Will We Learn from History — And What Will Soon Be History?

The behavioral finance theorists tell us that which echo sounds and which outcome occurs is more obvious in hindsight than to anyone in real time. As Daniel Kahneman writes (in Thinking Fast and Slow):

The core of hindsight bias is that we believe we understand the past, which implies the future should also be knowable; but in fact we understand the past less than we believe we do – compelling narratives foster an illusion of inevitability; but no such story can include the myriad of events that would have caused a different outcome .

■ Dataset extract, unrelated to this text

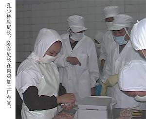 肉鸡加工厂车间、肉鸡八场鸡舍了解生产经营情况。在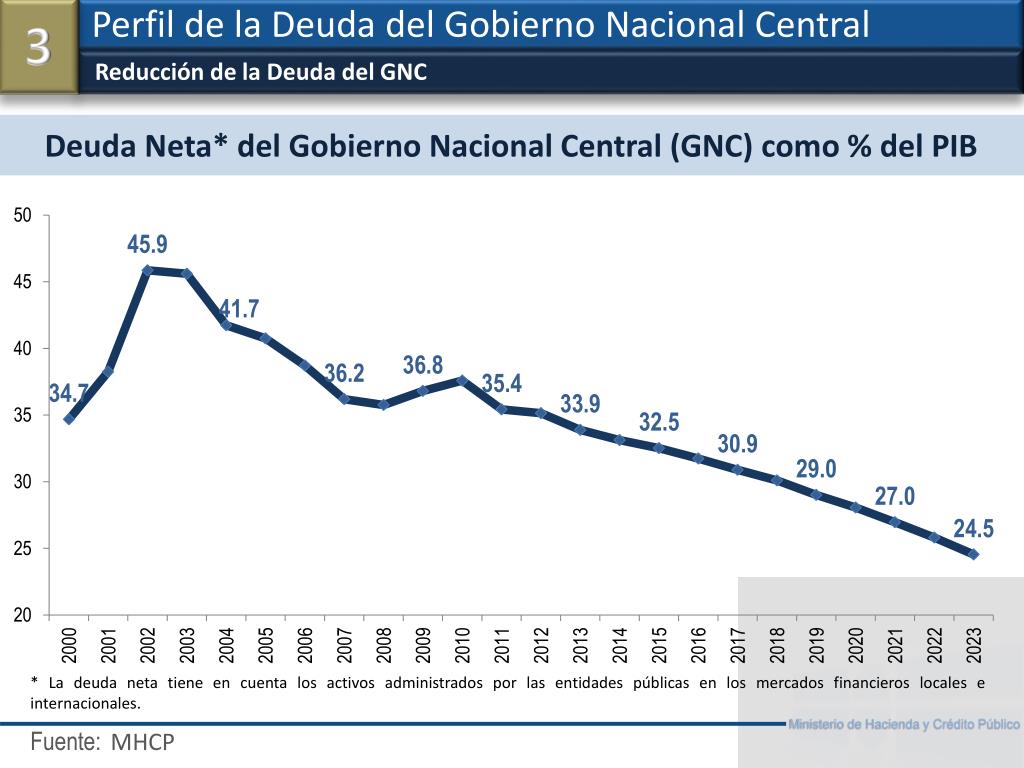 Reducción de la Deuda del GNC Perfil de la Deuda del Gobierno Nacional Central 3 MHCP Deuda Neta* del Gobierno Nacional Central (GNC) como % del PIB * La deuda neta tiene en cuenta los activos administrados por las entidades públicas en los mercados financieros locales e internacionales.

Whichever historical echo turns out to be loudest as the Great Monetary Inflation of 2011-18 enters its late dangerous phase.  Whether we’re looking at 1927-9, 1930-3, or 1937-8, the story will seem obvious in retrospect, at least according to skilled narrators. There may be competing narratives about these events — even decades into the future, just as there still are today about each of the above mentioned episodes. Even today, the Austrian School, the Keynesians, and the monetarists, all tell very different historical narratives and the weight of evidence has not knocked out any of these competitors in the popular imagination.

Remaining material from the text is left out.